Alguém poderia dizer que elogiar para deixar o ego do elogiado em “paz” é um procedimento muito antigo, jamais podendo causar qualquer dano significativo a quem quer que seja. Ora, tal argumento não alcança as propriedades discursivas existentes no uso contínuo de fórmulas ritualizadas, como a da conceção de mérito sem sua real demanda.  Esse mecanismo, repetido e naturalizado, infiltra-se em inúmeras esferas da vida social. É comum, por exemplo, no ambiente escolar, ver o estudante aplaudido por trabalhos medianos apenas para que não se sinta diminuído, esquecendo-se de que o elogio deveria ser, antes de tudo, uma consagração do esforço real. Assim, o que se realmente ensina tanto o elogiado quanto aos demais: “qualquer coisa é passível de elogio”.

É evidente que condições especiais requerem observações diferenciadas. Todavia, as congratulações que devem pertencer aos primeiros lugares de uma competição, com medalhas de materiais distintos ou medalhas metafóricas, não carecem de dispersão para alcançar as subjetividades fragilizadas pelo próprio ato de competir. Antes, deve ser oferecido a todos o incentivo frequente e contínuo para o autoaprimoramento ao invés da retórica do elogio falso, comprometida com o desmerecimento de quem realmente faz jus do aplauso verdadeiro.

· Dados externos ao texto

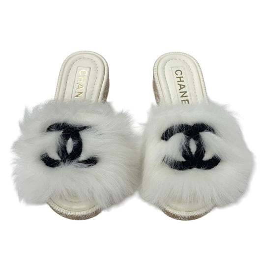 Chanel Sandals Shoes Fur White Black Coco Mark Mules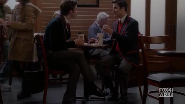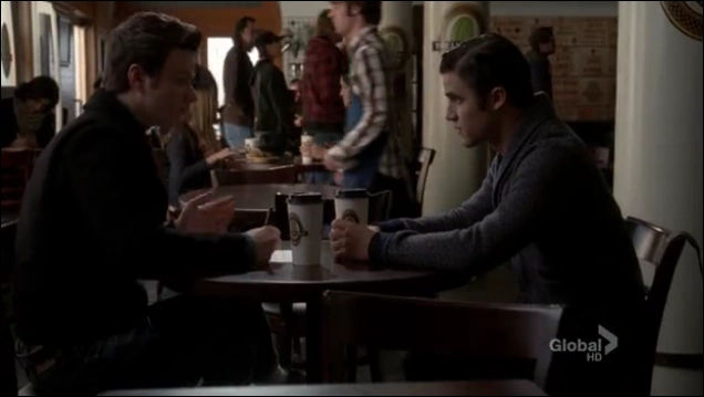 Nach der Performance eröffnen ihm Blaine und zwei andere Mitglieder, Wes und David, dass sie wissen, dass er ein Spion ist. Doch anstatt ihn rauszuschmeißen, laden sie ihn zu einem Kaffee ein und reden mit ihm. Auf Kurts Nachfrage, ob hier alle schwul sind, erzählt Blaine, dass er es ist und Wes und David Freundinnen haben. Wes erklärt Kurt, das ihre Schule eine "Null-Toleranz-gegenüber-Schikanierungen" zeigt und alle gleich behandelt werden. Blaine bemerkt Kurts unglückliche Reaktion darauf und bittet seine Freunde sie allein zu lassen. Er spricht ihn darauf und an und dieser erzählt ihm unter Tränen von den Schikanen an seiner Schule, hervor hebend, dass ein "Neanderthaler" es ganz besonders auf ihn agesehen hat. Blaine widerum berichtet ihm, dass er an seiner ehemaligen Schule ebenfalls fertig gemacht wurde und die Lehrer sich nicht darum scherten. Aus diesem Grund ist er an die Dalton gewechselt und gibt zu, dass er es bereut weggerannt zu sein. Er rät Kurt nicht denselben Fehler zu machen und stattdessen Mut zu beweisen, sich seinen Peinigern zu stellen.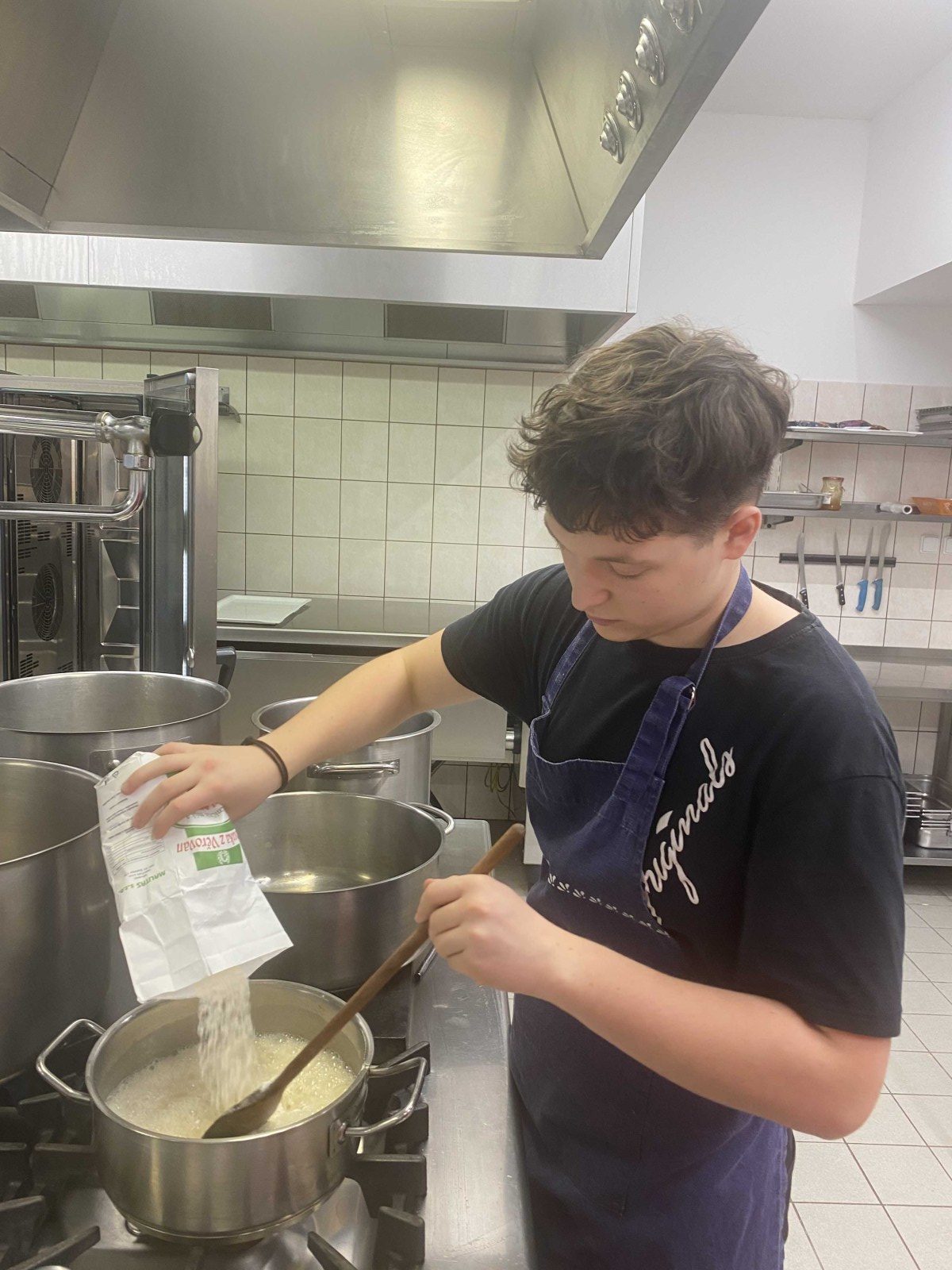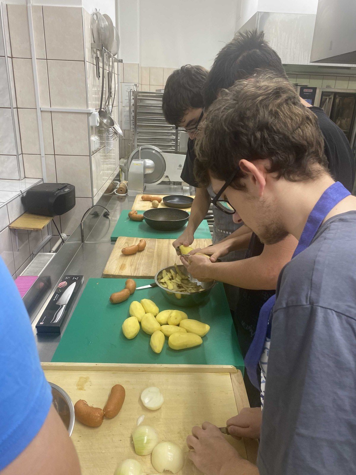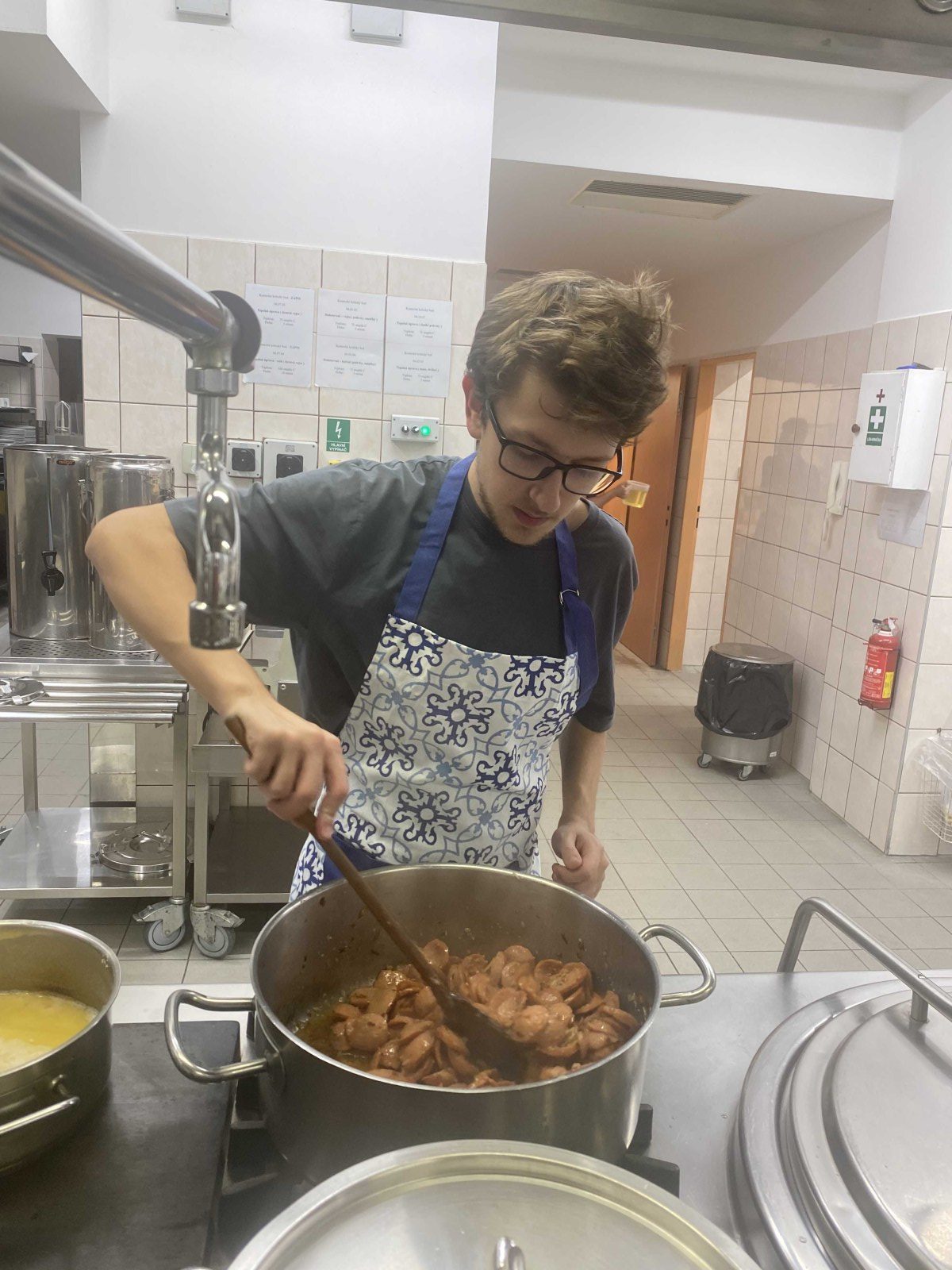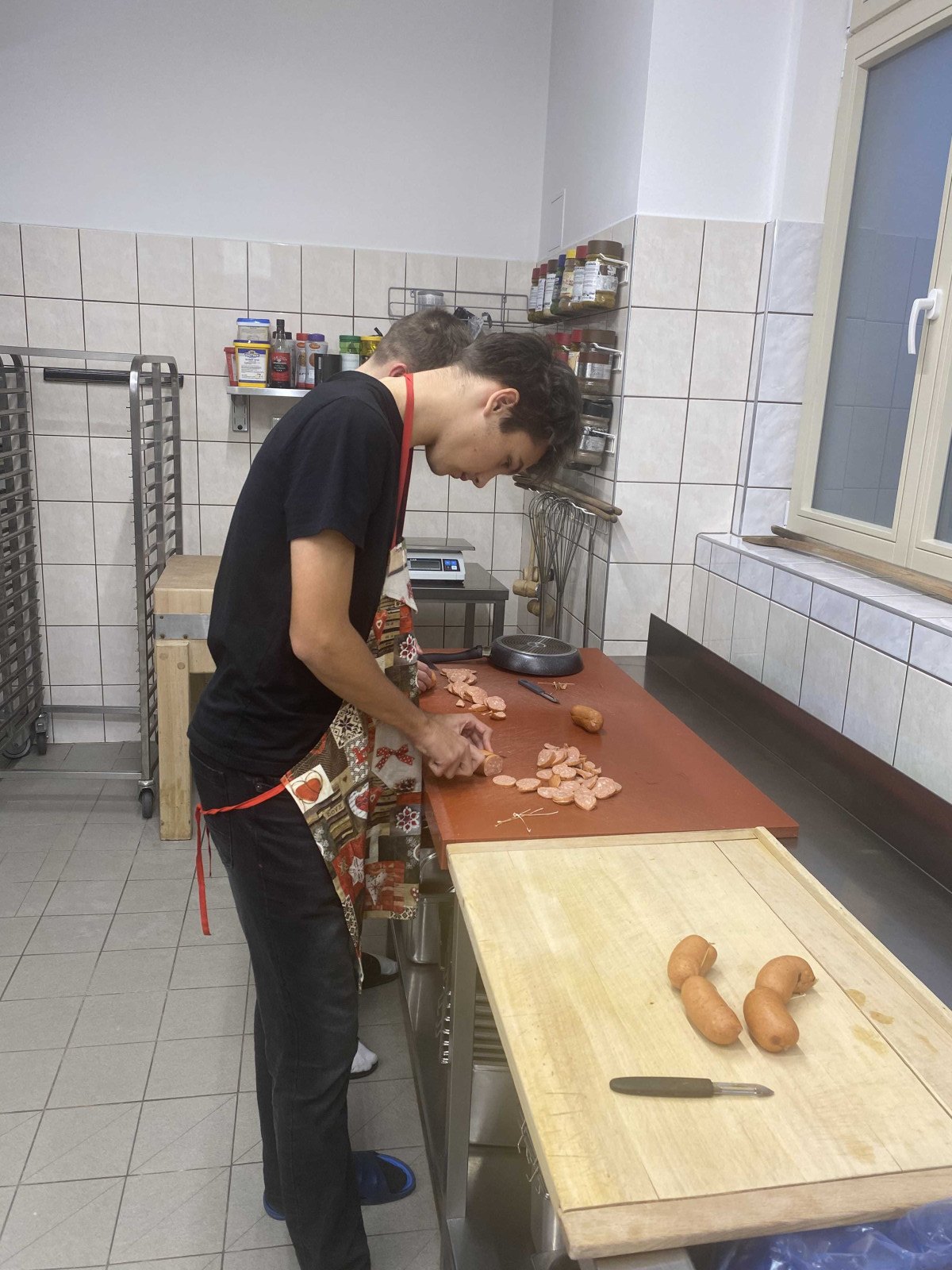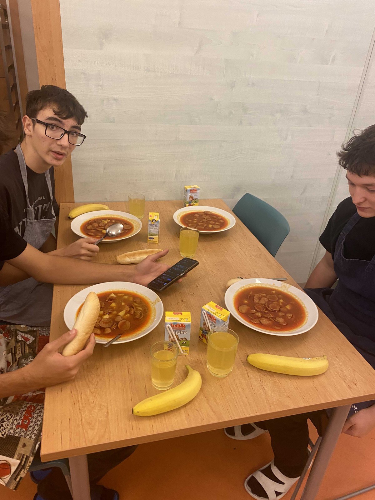 Po příchodu do školní kuchyně si kluci rozdělili role – někdo se pustil do cibule, jiný krájel buřty, další se zhostil brambor. Nože klouzaly po prkýnkách, cibule štípala do očí a celá místnost se brzy naplnila omamnou vůní smažené cibulky. K ní se přidaly opečené buřty a brambory – a rázem bylo hotovo. Na plotně bublal voňavý buřtguláš, který by si nakonec zasloužil všeobecnou pochvalu i od náročných strávníků.

No espaço laboral, chefes exaltam empregados (colaboradores agora) que pouco contribuem, não por reconhecimento, mas por conveniência hierárquica, uma vez que aqueles que verdadeiramente destacam-se, por trabalho eficiente e dedicação compromissada, acabam soterrados sob a banalização do mérito. No convívio social mais íntimo, multiplica-se o costume de celebrar gestos triviais com palavras grandiosas; um jantar simples deve ser transformado em “obra-prima”, uma atitude corriqueira proclamada como “extraordinária”; até que o próprio vocabulário da distinção torna-se pobre e vazio (o que já se encontra em franco processo de ascendência)

Tais práticas não são inofensivas. Ao contrário, corroem a possibilidade de um reconhecimento verdadeiro, criam uma cultura em que o aplauso não distingue e, por isso mesmo, já não educa. A criança elogiada por qualquer feito sem esforço não compreenderá a diferença entre empenho e comodismo; o profissional premiado sem mérito aprende que o jogo das aparências importa mais que a substância; a sociedade que aplaude indiscriminadamente abdica da crítica e do julgamento lúcido.

Assim, o elogio perde sua função ética e pedagógica, convertendo-se em moeda de troca, em protocolo vazio, em mera encenação de reconhecimento. Quando a mentira torna-se regra disfarçada de delicadeza, quando o louvor é concedido apenas para sustentar aparências, instala-se um déficit moral silencioso, mas profundamente devastador. Pois, de tanto mentir ao elogiar sem o devido mérito, a honestidade passa a ausentar-se, demonstrando a indolência da própria inteligência.

*Thiago Barbosa Soares é analista do discurso, escritor e professor da Universidade Federal do Tocantins.